**Activity**
Copy each line below exactly as it appears. Pictures are to be omitted.

**Recorded information**
........

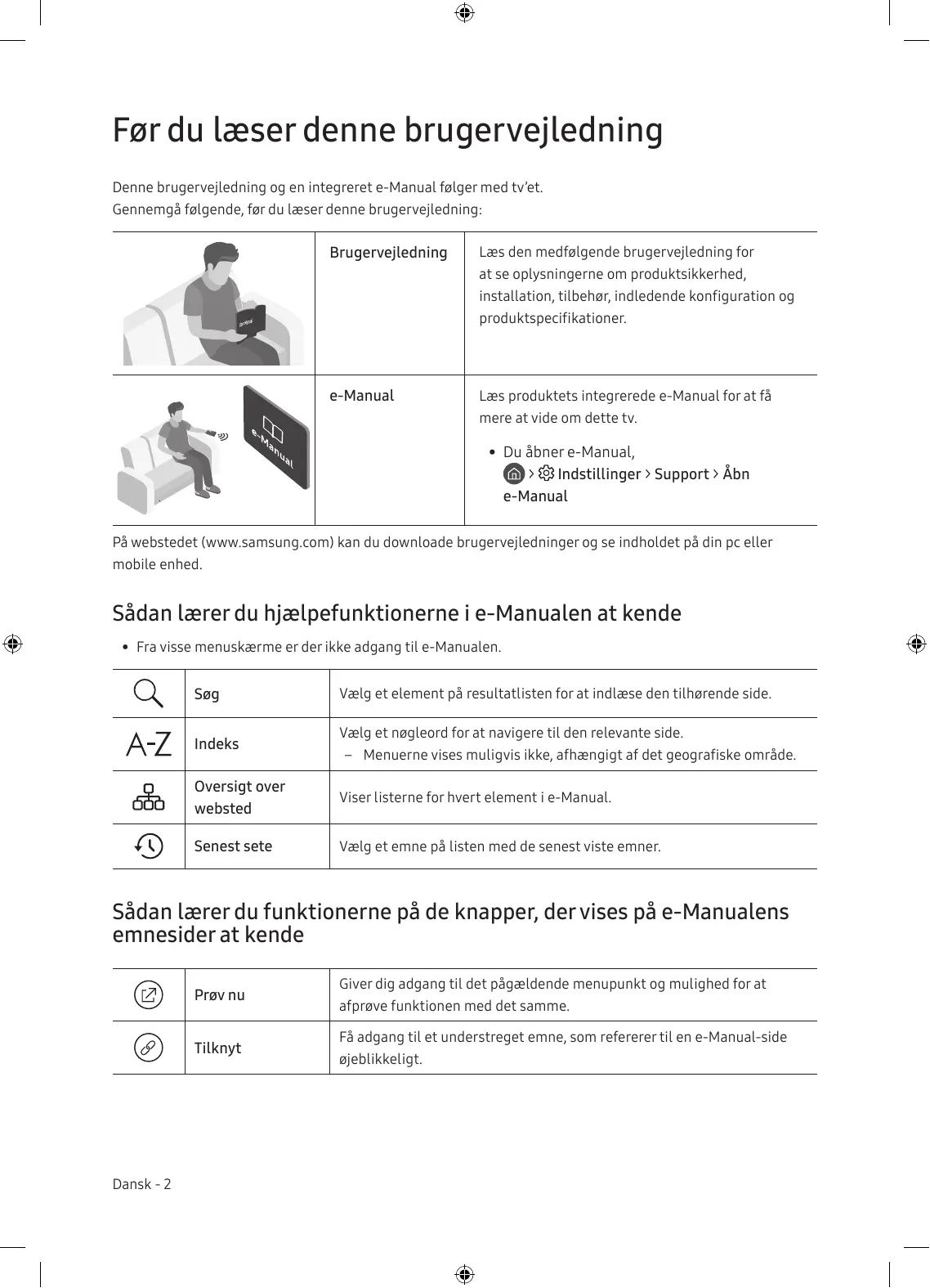 For du læser denne brugervejledning Denne brugervejledning og en integreret e-Manual falger med tv'et. Gennemgä folgende, far du læser denne brugervejledning: Brugervejledning Læs den medfalgende brugervejledning for | ed at se oplysningerne om produktsikkerhed, installation, tilbehgr, indledende konfiguration og produktspecifikationer. e-Manual Læs produktets integrerede e-Manual for at fà e mere at vide om dette tv. + Du äbnere-Manual, © > 8 indstillinger > Support > Abn e-Manual Pä webstedet (www.samsung.com) kan du downloade brugervejledninger og se indholdet pà din pc eller mobile enhed. Sädan lærer du hjælpefunktionerne i e-Manualen at kende + Fra visse menuskærme er der ikke adgang til e-Manualen. @Y Sag Vælg et element pä resultatlisten for at indlæse den tilhgrende side. A 7 Indeks Vælg et nggleord for at navigere til den relevante side. — Menuerne vises muligvis ikke, afhængigt af det geografiske omräde. Oversigt over A g Viser Listerne for hvert element i e-Manual. websted D Senest sete Vælg et emne pä listen med de senest viste emner. Sädan lærer du funktionerne pà de knapper, der vises pà e-Manualens emnesider at kende (@) Prev nu Giver dig adgang til det pägældende menupunkt og mulighed for at afprave funktionen med det samme. ©) Tilknyt Fà adgang til et understreget emne, som refererer til en e-Manual-side y ajeblikkeligt. Dansk -2
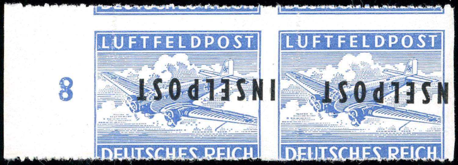 OCCUPAZIONE TEDESCA EGEO 1944 - Inselpost azzurro, emissione di Rodi, soprastampa capovolta e fortemente spostata a sinistra e perforazione fortemente spostata (2aa), coppia orizzontale, bordo di foglio, gomma integra, perfetta. Rara. Cert. Mogler.
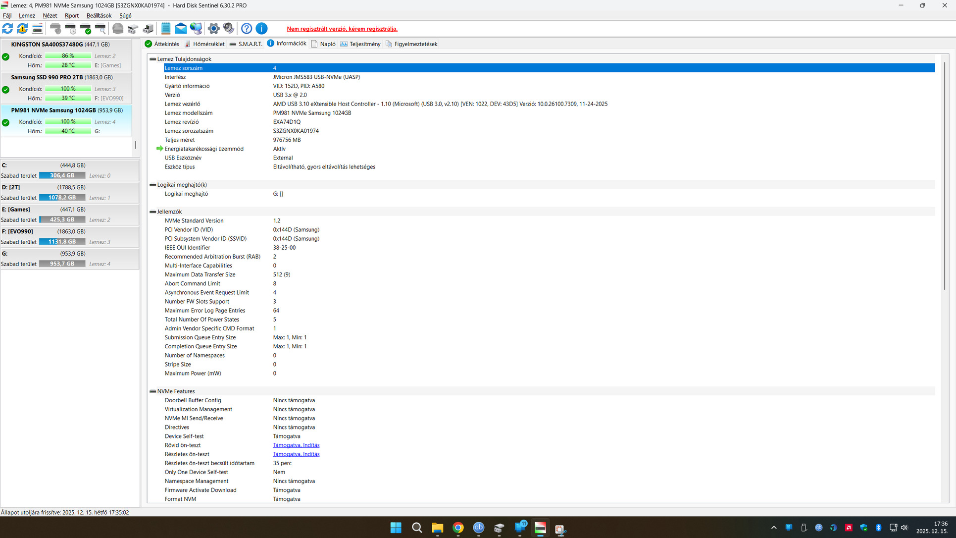 Eladó a képeken látható állapotban egy Samsung PM981 NVMe 1TB.

........

**Written answer**
 For du læser denne brugervejledning Denne brugervejledning og en integreret e-Manual falger med tv'et. Gennemgä folgende, far du læser denne brugervejledning: Brugervejledning Læs den medfalgende brugervejledning for | ed at se oplysningerne om produktsikkerhed, installation, tilbehgr, indledende konfiguration og produktspecifikationer. e-Manual Læs produktets integrerede e-Manual for at fà e mere at vide om dette tv. + Du äbnere-Manual, © > 8 indstillinger > Support > Abn e-Manual Pä webstedet (www.samsung.com) kan du downloade brugervejledninger og se indholdet pà din pc eller mobile enhed. Sädan lærer du hjælpefunktionerne i e-Manualen at kende + Fra visse menuskærme er der ikke adgang til e-Manualen. @Y Sag Vælg et element pä resultatlisten for at indlæse den tilhgrende side. A 7 Indeks Vælg et nggleord for at navigere til den relevante side. — Menuerne vises muligvis ikke, afhængigt af det geografiske omräde. Oversigt over A g Viser Listerne for hvert element i e-Manual. websted D Senest sete Vælg et emne pä listen med de senest viste emner. Sädan lærer du funktionerne pà de knapper, der vises pà e-Manualens emnesider at kende (@) Prev nu Giver dig adgang til det pägældende menupunkt og mulighed for at afprave funktionen med det samme. ©) Tilknyt Fà adgang til et understreget emne, som refererer til en e-Manual-side y ajeblikkeligt. Dansk -2
 OCCUPAZIONE TEDESCA EGEO 1944 - Inselpost azzurro, emissione di Rodi, soprastampa capovolta e fortemente spostata a sinistra e perforazione fortemente spostata (2aa), coppia orizzontale, bordo di foglio, gomma integra, perfetta. Rara. Cert. Mogler.
 Eladó a képeken látható állapotban egy Samsung PM981 NVMe 1TB.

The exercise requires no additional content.